As God creates things by seeing them in His own Logos, man brings truth to life in his mind by the marriage of the divine light, in the being of the object, with the divine light in his own reason. The meeting of these two lights in one mind is truth.

But there is a higher light still, not the light by which man "gives names" and forms concepts, with the aid of the active intelligence, but the dark light in which no names are given, in which God confronts man not through the medium of things, but in His own simplicity. The union of the simple light of God with the simple light of man's spirit, in love, is contemplation. The two simplicities are one. They form, as it were, an emptiness in which there is no addition but rather the taking away of names, of forms, of content, of subject matter, of identities. In this meeting there is not so much a fusion of identities as a disappearance of identities. The Bible speaks of this very simply: "In the breeze after noon God came to walk with Adam in paradise." It is after noon, in the declining light of created day. In the free emptiness of the breeze that blows from where it pleases and goes where no one can estimate, God and man are together, not speaking in words, or syllables or forms. And that was the meaning of creation and of Paradise. But there was more.

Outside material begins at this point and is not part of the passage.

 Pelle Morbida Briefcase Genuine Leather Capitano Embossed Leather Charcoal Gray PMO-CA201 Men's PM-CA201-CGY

The Word of God Himself was the "firstborn of every creature." He "in Whom all things consist" was not only to walk with man in the breeze after noon, but would also become Man, and dwell with man as a brother.

The Lord would not only love His creation as a Father, but He would enter into His creation, emptying Himself, hiding Himself, as if He were not God but a creature. Why should He do this? Because He loved His creatures, and because He could not bear that His creatures should merely adore Him as distant, remote, transcendent and all powerful. This was not the glory that He sought, for if He were merely adored as great, His creatures would in their turn make themselves great and lord it over one another. For where there is a great God, then there are also god-like men, who make themselves kings and masters. And if God were merely a great artist who took pride in His creation, then men too would build cities and palaces and exploit other men for their own glory.

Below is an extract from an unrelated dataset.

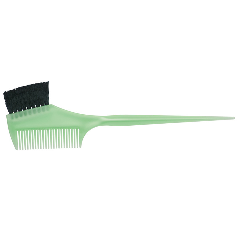 Оригинальная кисть для окрашивания DEWAL JPP049 green с черной щетиной, предназначена для профессионального окрашивания, выполнена из высококачественных материалов. Щетина имеет удобную волнистую форму, что позволит наносить краску на волосы более равномерно. Щетина кисти широкая – 55 мм. Она выполнена из качественной искусственной щетины и благодаря узкой форме краска может быть равномерно распределена на волосы. Форма корпуса кисти выполнена в классическом стиле с заостренным кончиком ручки, которая позволяет равномерно разделить пряди для окрашивания. Инструмент совмещает в себе и кисть, и расческу, что значительно облегчает процесс окраски. Кисть в оригинальном зеленом цвете понравится любому парикмахеру, поскольку она очень легкая, в то же время удобна в использовании и изготовлена из качественных материалов.

This is the meaning of the myth of Babel, and of the tower builders who would be "as Gods" with their hanging gardens, and with the heads of their enemies hanging in the gardens. For they would point to God and say: "He too is a great builder, and has destroyed all His enemies."

(God said: I do not laugh at my enemies, because I wish to make it impossible for anyone to be my enemy. Therefore I identify myself with my enemy's own secret self.)

So God became man. He took on the weakness and ordinariness of man, and He hid Himself, becoming an anonymous and unimportant man in a very unimportant place. And He refused at any time to Lord it over men, or to be a King, or to be a Leader, or to be a Reformer, or to be in any way Superior to His own creatures. He would be nothing else but their brother, and their counsellor, and their servant, and their friend. He was in no accepted human sense an important person, though since that time we have made Him The Most Important Person. That is another matter: for though it is quite true that He is the King and Lord of all, the conqueror of death, the judge of the living and of the dead, the Pantokrator, yet He is also still the Son of Man, the hidden one, unknown, unremarkable, vulnerable. He can be killed. And when the Son of Man was put to death, He rose again from the dead, and was again with us, for He said: "Kill me, it does not matter."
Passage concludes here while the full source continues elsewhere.